In March 2014, the Commonwealth of Massachusetts Division of Capital Asset Management and Maintenance (DCAMM), as part of an ongoing water-infiltration study, contracted Simpson Gumpertz & Heger Inc. (SGH) to review interior staining and masonry deterioration at the southeast corner of the Massachusetts State House. At the same time, DCAMM alerted SGH that historic accounts suggest that there was a time capsule located in this area and that the capsule contains artifacts dating from the original cornerstone ceremony in 1795, and additional artifacts from 1855, when the time capsule was unearthed as part of emergency foundation repairs.

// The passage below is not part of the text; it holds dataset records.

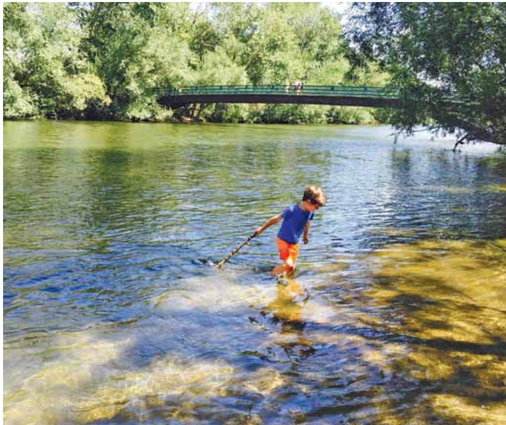
Along the Boise River

In November, Boise voters will have the chance to support a levy to protect and enhance clean water, open space and recreation.
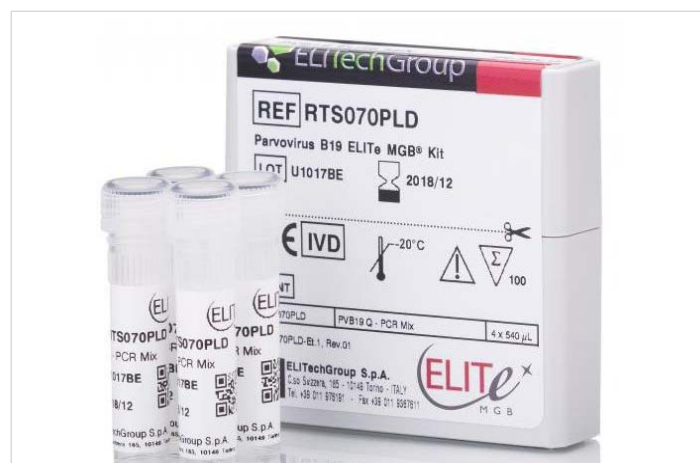
Figure 2: ELITE MGB® Parvovirus B19 Kit – A real-time PCR assay designed for the detection and quantification of B19V DNA. This CE-IVD-validated test is compatible with the fully automated ELITE InGenius® system.

PCR kits like ELITE MGB® , though effective for detecting B19V by targeting conserved genomic regions, may fail to detect rare variants (genotypes 2/3) or mutations in target
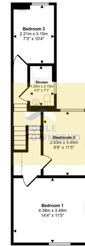
First Floor Approx 43 sq m / 468 sq ft

This floorplan is only for illustrative purposes and is not to scale. Measurements of rooms, doors, windows, and any items are approximate and no responsibility is taken for any error, omission or mis-statement. Icons of items such as bathroom suites are representations only and may not look like the real items. Made with Made Drafty 360.
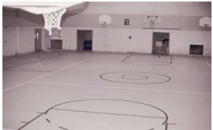
Left: New Gym Bleachers Above: New Gym Floor
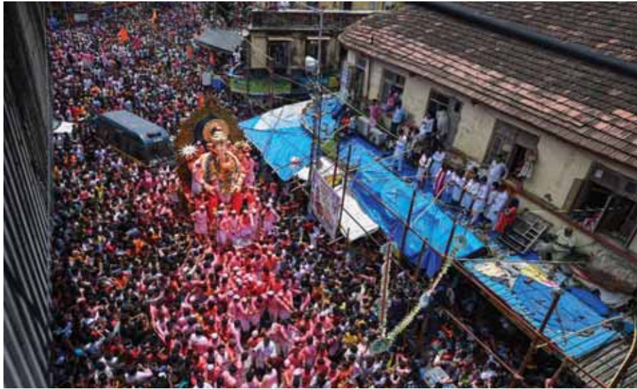
Devotees take Lalbaughcha Raja for immersion in the Arabian Sea, in Mumbai on Friday. The immersion marks the end of the ten-day-long Ganesh Chaturthi festival that celebrates the birth of Lord Ganesha.

He added that the Central and the state governments under the leadership of Prime Minister Narendra Modi, worked to save lives and livelihoods during COVID-19, and also implemented the National Education Policy (NEP) to ensure that the youth became capable of practical and technical knowledge. “Fifty-six per cent of our state’s population belongs to the working class and the government is working its best to give a platform to talent and energy to youth through NEP, the establishment of new universities, colleges, Abhyudaya scheme and more,” he said.
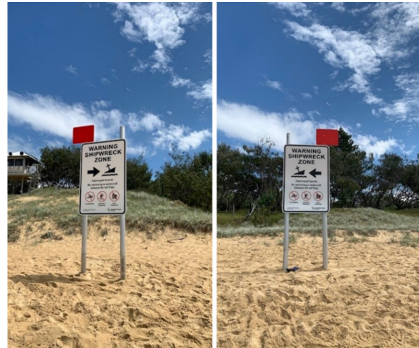
Signage and red flags indicating beach closure following installation on 23 rd March 2023
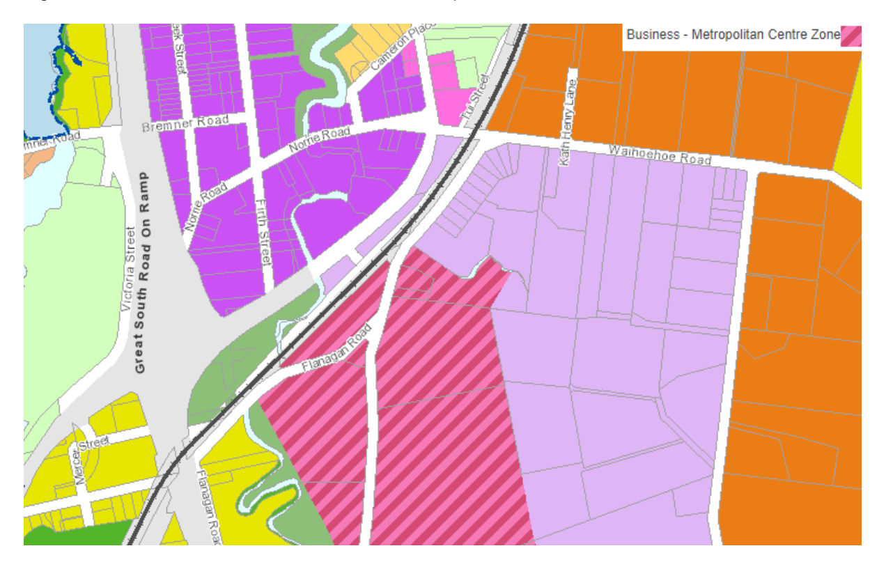
Figure 3-1: Extent of Business - Metropolitan Centre zone south of NoR 2
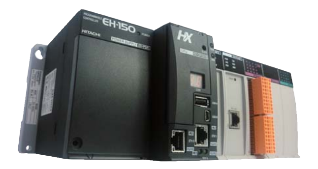
Example of HX series configuration combined with I/O module

(Hitachi Industrial Equipment Systems Co., Ltd.)
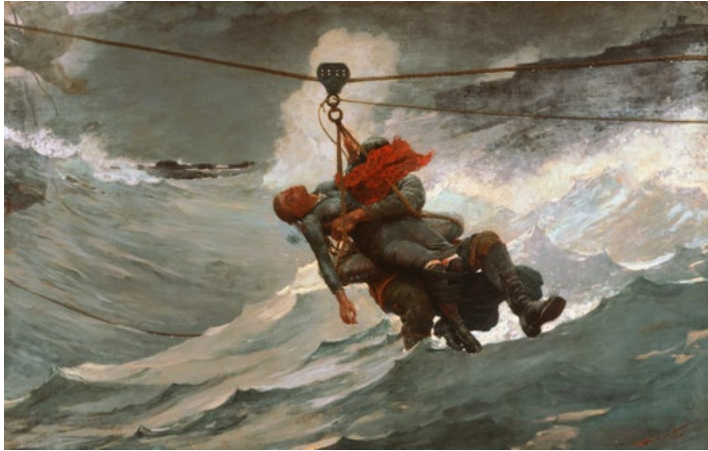
Life Line , 1884, Homer Winslow (1836-1910)

Fourth Sunday After Pentecost Sunday | June 21 | 2026 9:30 a.m. | 11:00 a.m.
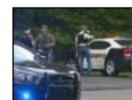
Shooting Piney Ridge Drive
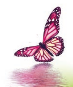
Departing Music Swan Lake, Op. 20, Act 2: No. 14, Scene (Moderato) by Pyotr Ilyich Tchaikovsky London Symphony Orchestra
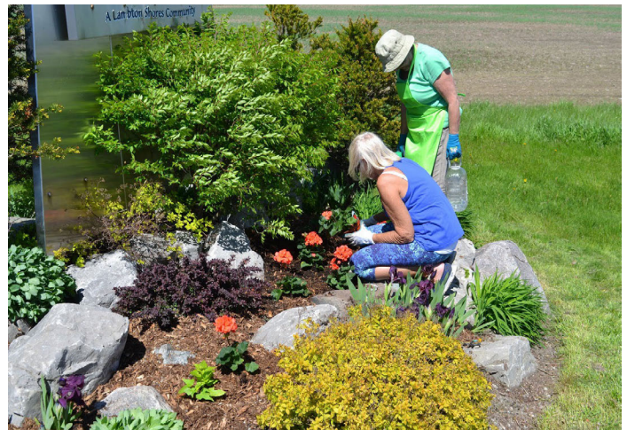
The lighthouse garden on the Highway 81 entrance to Grand Bend that the society looks after.

Ever since the world's existed There's one thing that is certain Some people build walls Others open doors

SGH used ground penetrating radar (GPR) to locate the box. Once located, SGH then designed the shoring and removal procedure to recover the box. Walsh Brothers Construction assembled a team of contractors to erect the shoring and remove the masonry. The contractors removed four granite stones, weighing between 700 and 850 lbs, from the wall. They installed approximately 2,000 lbs of steel shoring to support the building during the stone removal.
On Thursday, 11 December 2014, SGH and Walsh removed the cornerstone, and then Museum of Fine Arts (MFA) conservator Pam Hatchfield, carefully freed the box from the plaster, encasing it in a recess in the bottom of the granite cornerstone.
DCAMM believes the time capsule contains a collection of silver and copper coins (dating from 1652 and 1855), an engraved silver plate, newspapers, a seal of the Commonwealth, cards, and a title page from the Massachusetts Colony Records. Governor Samuel Adams, Paul Revere, and William Scollay oversaw the 1795 ceremony. Winslow Lewis and Governor Henry Gardner oversaw the ceremony to replace the deposit in 1855.
Today, DCAMM announced an unveiling event at the MFA on Tuesday, 6 January 2015, where they will publicly open the time capsule.